Consequently, oral proclamations which are noise might be relevant, however
not being direct evidence, are not admissible.

Relevancy
Relevance is a threshold condition that must be met before the court can accept
the validity of the proof. It is because of this fundamental standard of the Law
of Evidence that the terms 'relevancy' and 'admissibility' are frequent. .
Relevant facts have been characterized in Section 3 and 5 of the Indian
Evidence Act, 1872.
A fact may either be logically relevant or legally relevant. Where a fact bears
such easy-going connection to the next that it renders plausible its existence or
non-existence, it is supposed to be a logically relevant fact. For example,
where it is to be resolved whether A has set the murder weapon in the field or
not, the fact that B saw A moving towards the field with the murder weapon is
relevant.
Admissibility:
Admissibility means that the facts which are relevant are just admissible by the
Court. It is defined under section 136 of the Indian Evidence Act, 1872
The essential ingredients of the above section are:

1) The judge decides the questions of relevancy and admissibility.

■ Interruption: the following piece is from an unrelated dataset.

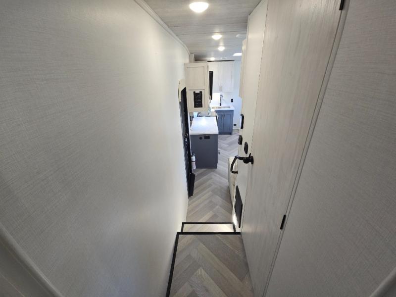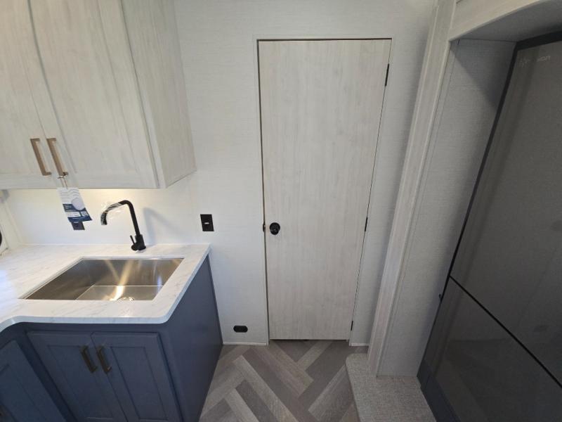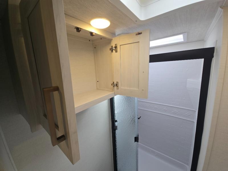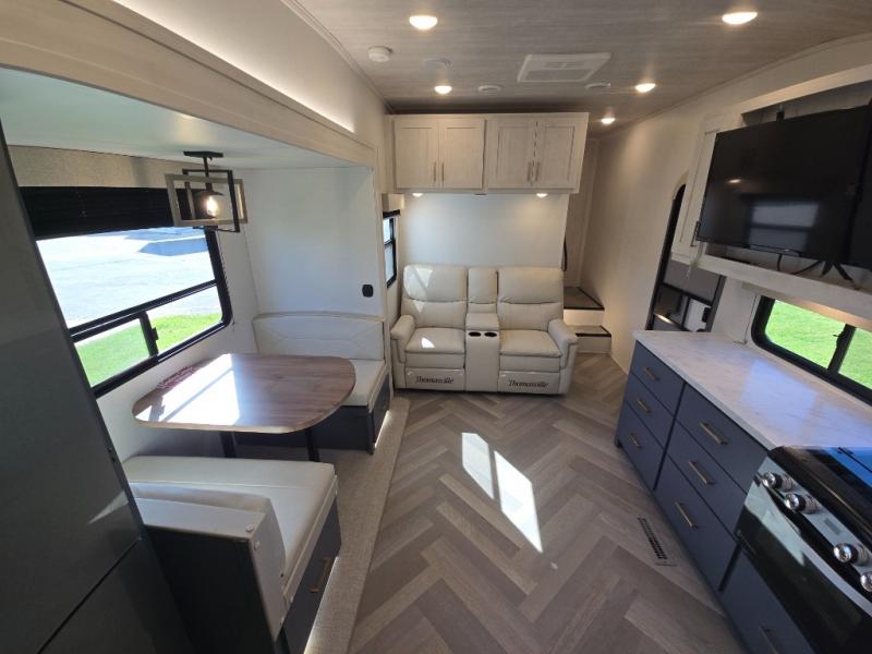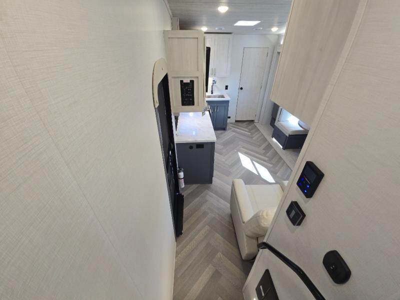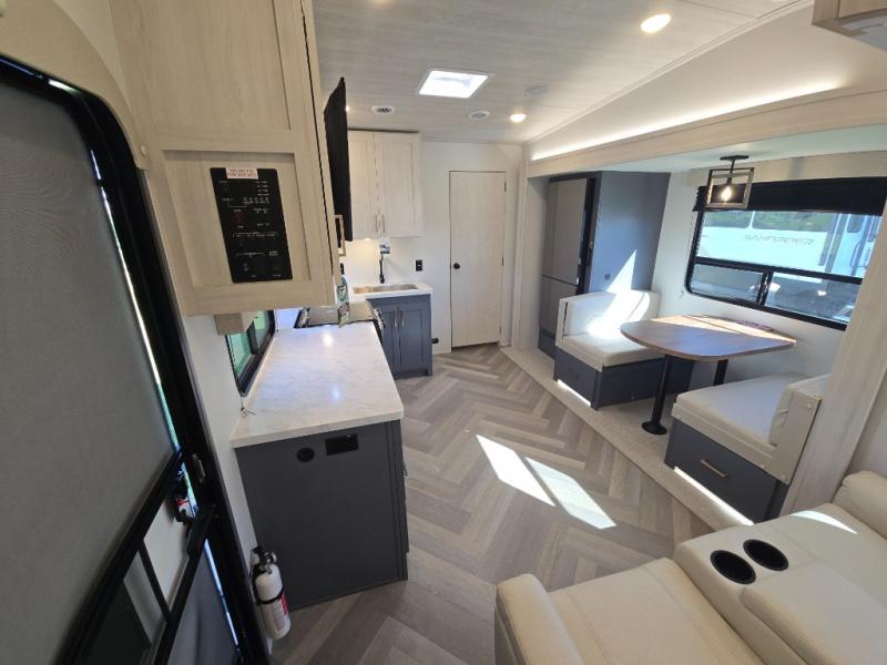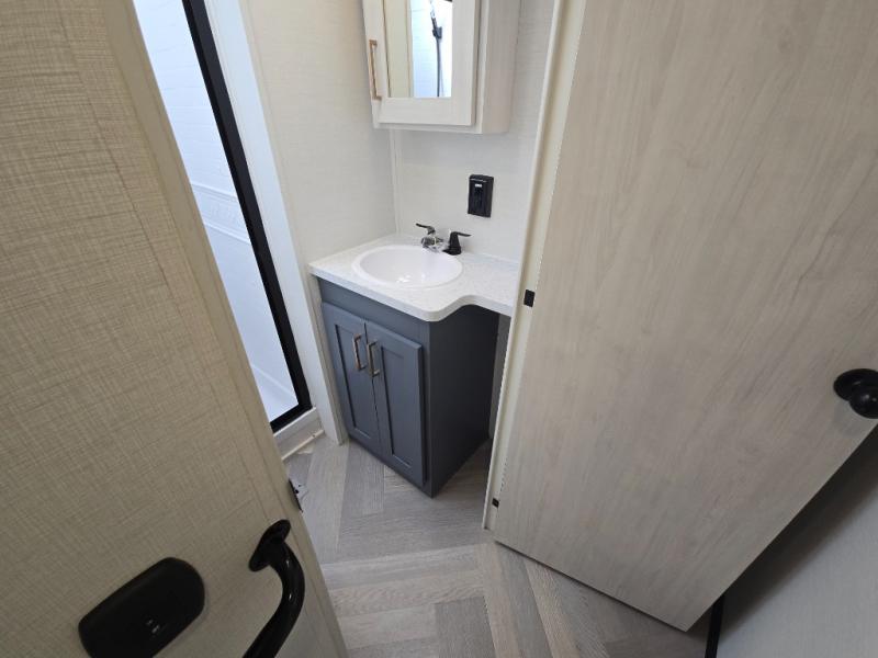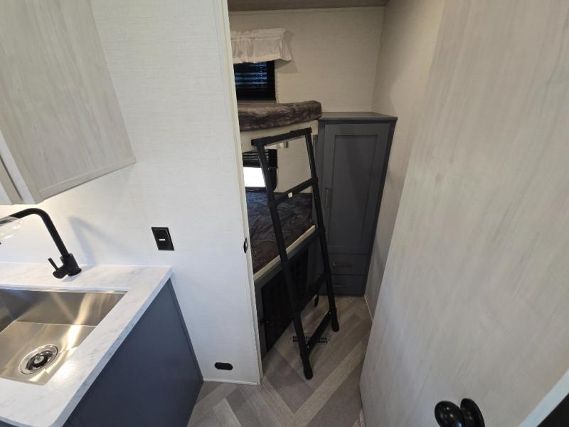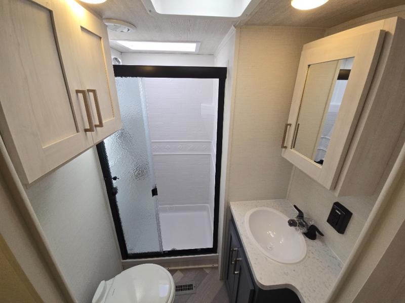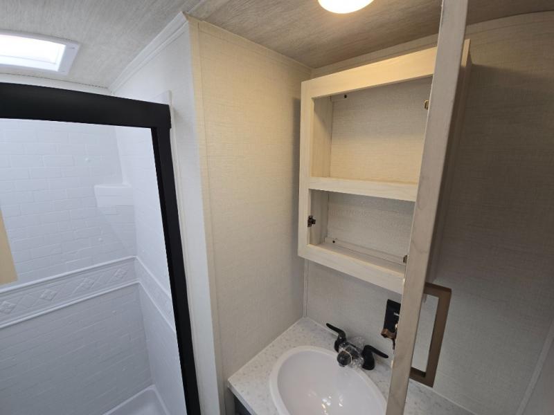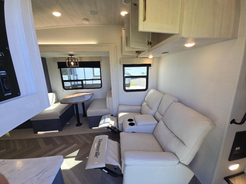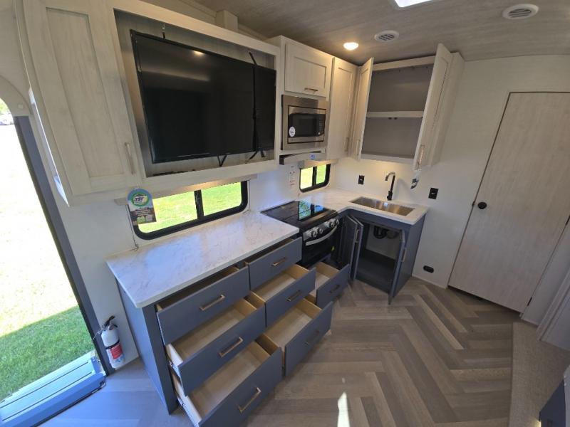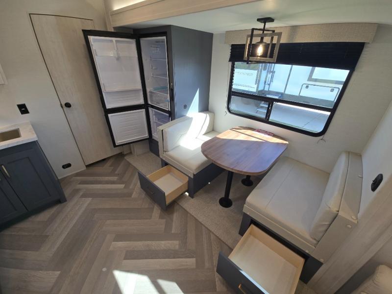 Camping with a larger group has never been easier than with this fifth wheel. There is a rear private bunkhouse that includes bunk beds with lower doggy storage to keep items organized. You will feel right at home in the front private bedroom that includes a queen bed, a wardrobe, and dual nightstands. The combined living and kitchen is cozy with its theater seating and booth dinette, plus there is a 40" LED Smart TV to make it a movie night. Everyone will also appreciate having a full bath onboard to stay clean throughout each trip!

2) At the point when a party proposes to show evidence of any fact, the
judge may ask the party to explain in what manner the fact would be
relevant.

In the new case of Ram Bihari Yadav v. the State of Bihar, the Supreme Court
observed that "All the more frequently the expressions 'relevancy and
admissibility' are used as synonyms yet their lawful implications are distinct
and unique in relation to for usually facts which are relevant are not
admissible; so also facts which are admissible may not be relevant, for
instance, questions permitted to place in cross-examination to test the veracity
or indict the credit of witnesses, however not relevant are admissible. The
probative estimation of the evidence is the load to be given to it which has to
be judged having regards to the fact and circumstances of each case.

Section 11 is another section of the Evidence Act which deals with


admissibility. Section 11 deals with those facts which are not otherwise
relevant but rather become relevant in the event that they are inconsistent with
any relevant fact or they make the existence or non-existence of any relevant
fact exceptionally likely or improbable.